In the morning she feels for the gap with the edge of her tongue. The wound is large and she wonders if she should try to sear it shut, sterilize it with her lighter. She rises to rinse her mouth out in the trickle from the tap. She lifts the tooth from the sink, dark and rotten at its base, the roots clotted and fibrous.
On the wall above the sink, there is a perfect trapeze of light from the rising sun. She watches it crawl, like something breathing, until another long shadow passes within the box of light, and Zoli drops the tooth with a clank.
A farmer stands in the field outside, the rheumy-eyed dog at his heels. A face like a Hlinka guard: thick eyebrows and small eyes and a neck with skinfolds. A long burlap sack lies at his feet; a shotgun clasped alongside his leg. He taps the gun against his high rubber boots, then hitches it to his waist and steps forward, moves out of the range of the window.

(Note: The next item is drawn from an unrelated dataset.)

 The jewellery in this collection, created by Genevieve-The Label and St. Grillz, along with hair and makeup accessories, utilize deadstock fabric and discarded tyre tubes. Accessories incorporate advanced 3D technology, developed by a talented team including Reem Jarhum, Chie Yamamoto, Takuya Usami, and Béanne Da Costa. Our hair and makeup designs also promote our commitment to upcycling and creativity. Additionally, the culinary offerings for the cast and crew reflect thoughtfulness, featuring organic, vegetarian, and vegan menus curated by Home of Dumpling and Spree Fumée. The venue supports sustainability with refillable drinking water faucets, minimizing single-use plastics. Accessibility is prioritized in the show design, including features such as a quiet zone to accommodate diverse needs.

Zoli hears the clicking of dog nails, the turn of a boot at the entrance. She waits for him to come in, push the door open, put the shotgun to her neck and take her while the dog watches. The same dog, she thinks, that nosed in my own filth. She slides to the floor, brings her knees to her chest, tries to hold her breath. No movement, no sound, and she goes to the doorway. Her fingers reach around the frame and she pushes it gently, waits for the click of the gun or the thud of his fist in her face. The door swings open further and she peers around the frame.
Small acts of kindness.
Outside, the farmer has left two bread rolls and a tin cup, half-filled with black tea. So what if others have drunk from it? I will drink it anyway. She picks it up and sips, and for a split second she wonders if it has, perhaps, been poisoned.

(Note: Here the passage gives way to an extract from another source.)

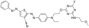 2-[[4-[Ethyl[2-[[4-fluoro-6-[(2-methoxyethyl)amino]-s-triazine-2-yl]oxy]ethyl]amino]phenyl]azo]-5-(phenylazo)thiophene-3-carbonitrile

She drinks the rest quickly, tucks the tin cup into the pocket of her skirt, touches the bread against her lips and inhales its freshness.

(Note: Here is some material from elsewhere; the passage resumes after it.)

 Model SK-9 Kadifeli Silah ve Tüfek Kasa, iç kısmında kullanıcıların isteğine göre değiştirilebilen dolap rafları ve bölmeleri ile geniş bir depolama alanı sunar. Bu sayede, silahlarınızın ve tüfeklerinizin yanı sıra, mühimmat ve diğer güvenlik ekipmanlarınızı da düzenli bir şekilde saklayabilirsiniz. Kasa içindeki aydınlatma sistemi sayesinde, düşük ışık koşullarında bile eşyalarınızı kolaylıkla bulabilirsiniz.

From the window, the farmer and dog are nowhere to be seen. Zoli rips a chunk of the bread and puts it in her mouth, then tongues it into her gum to soak up the last of the blood. At the window, only the same emptiness of trees and vineyard. She wipes a coatsleeve across her brow. Her forehead is dry and un-fevered now, and in the shard of mirror her face has already begun to lose its swelling. Did I walk all day yesterday or did I just dream it? She digs deep in the fabric of her pocket, finds a pine nut and rolls it in her palm. In what sort of chance universe have I been brought back to a place where there is a waterpipe and a loaf of bread? In what curious conjunction of fever and road have I been allowed such generosity?